В первый месяц ее недуга, когда она еще могла терпеть боль, я часто спрашивал бабулю: если Бог есть, то почему люди умирают? Она говорила, что так угодно Богу, значит, что умирающий человек выполнил возложенную на него Богом миссию. Пройдет почти тридцать лет, и я вновь задам аналогичный вопрос о смерти, только теперь не бабуле, а православному священнику отцу Игорю, настоятелю храма одного из ташкентских кладбищ.

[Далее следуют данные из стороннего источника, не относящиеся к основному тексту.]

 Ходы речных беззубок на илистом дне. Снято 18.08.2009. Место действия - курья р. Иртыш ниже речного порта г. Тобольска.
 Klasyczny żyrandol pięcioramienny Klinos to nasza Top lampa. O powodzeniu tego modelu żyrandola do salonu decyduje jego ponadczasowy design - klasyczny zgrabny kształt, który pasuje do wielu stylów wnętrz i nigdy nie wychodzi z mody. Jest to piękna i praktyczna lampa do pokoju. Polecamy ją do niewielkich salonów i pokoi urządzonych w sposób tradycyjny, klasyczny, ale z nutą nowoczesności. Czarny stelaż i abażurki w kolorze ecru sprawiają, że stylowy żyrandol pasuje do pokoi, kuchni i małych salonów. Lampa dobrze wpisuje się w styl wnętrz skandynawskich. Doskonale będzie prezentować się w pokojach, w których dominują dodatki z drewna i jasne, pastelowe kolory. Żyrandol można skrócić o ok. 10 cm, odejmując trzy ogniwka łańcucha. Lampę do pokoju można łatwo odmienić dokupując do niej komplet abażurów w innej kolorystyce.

Бабушка умерла майским утром 1963 года, по счастью, когда мама была дома. Нас с мамой бабуля уже не узнавала в последние дни, разум, вероятно, уже покидал ее от боли и морфия. Помню только, как дрогнуло ее желтое от болезни тело, конвульсия исказила лицо, из приоткрытого рта послышался хрип. Через несколько секунд хрип прекратился, бабуля застыла с широко открытыми глазами. Это была первая, но далеко не последняя смерть близкого мне человека.

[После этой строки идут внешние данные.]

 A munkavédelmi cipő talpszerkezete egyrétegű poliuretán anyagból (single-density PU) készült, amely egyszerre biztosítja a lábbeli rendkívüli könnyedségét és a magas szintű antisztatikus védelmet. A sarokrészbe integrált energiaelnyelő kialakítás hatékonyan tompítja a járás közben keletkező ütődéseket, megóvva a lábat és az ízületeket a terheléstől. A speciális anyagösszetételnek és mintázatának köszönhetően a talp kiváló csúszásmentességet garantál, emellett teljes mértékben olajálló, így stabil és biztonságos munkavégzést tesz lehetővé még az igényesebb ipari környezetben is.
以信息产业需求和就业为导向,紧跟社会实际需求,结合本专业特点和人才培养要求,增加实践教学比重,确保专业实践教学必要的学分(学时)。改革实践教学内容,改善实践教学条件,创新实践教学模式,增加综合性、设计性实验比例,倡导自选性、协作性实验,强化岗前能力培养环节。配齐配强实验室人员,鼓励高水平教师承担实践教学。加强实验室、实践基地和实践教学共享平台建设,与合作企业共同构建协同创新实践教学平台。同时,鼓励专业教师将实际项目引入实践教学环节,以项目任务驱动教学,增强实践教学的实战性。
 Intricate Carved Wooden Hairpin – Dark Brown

Со смертью бабули закончилась безмятежная полоса моего детства. Я стал стремительно взрослеть.

Еще о детстве

Детские воспоминания — это наш двор, детские игры во дворе со сверстниками. Жили мы в Ташкенте практически в центре города на улице Большая Миробадская — после развала Союза Миробадским назвали весь район, все советские годы носивший имя Ленина. Квартиры были так называемыми «жактовскими», построенными еще на рубеже XIX — XX веков частным владельцем из саманного (необожженного) кирпича. Хозяин до революции 1917 года сдавал эти квартиры внаем рабочим и служащим близлежащих предприятий, в основном железнодорожникам. Наша квартира представляла две комнаты — побольше и посветлее имела окно в переулок, а вторая, маленькая и проходная, окон, непосредственно выходящих на улицу или во двор нашего дома, не имела. Она была очень темной, и даже летним днем приходилось зажигать свет, чтобы там читать, писать или что-то делать по хозяйству. Проходная комнатка выходила на кухню, а уж та имела выход во двор. Вот и все наше жилье. Отапливалась зимой квартира печью, следовательно, углем — до начала 1960-х годов летом ежегодно бабушка с мамой завозили этот уголь. Самосвал задом въезжал потихоньку в наш переулок, ссыпал уголь у ворот нашего двора, а дальше в кладовку ведрами его перетаскивали нанятые за поллитровку водки соседские алкаши. Когда я подрос, то год или два подряд таскал уголь сам. Тонны угля обычно хватало на ташкентскую зиму — не скажу, что в те годы они были слишком теплыми. Нет, наоборот, зимы 1958-го, 1968 годов были очень снежными и холодными. Печка не была русской по своему типу, но готовить пищу и кипятить чай на ней было вполне возможно. Летом и осенью пищу готовили на примусе или керогазке — более усовершенствованной разновидности примуса.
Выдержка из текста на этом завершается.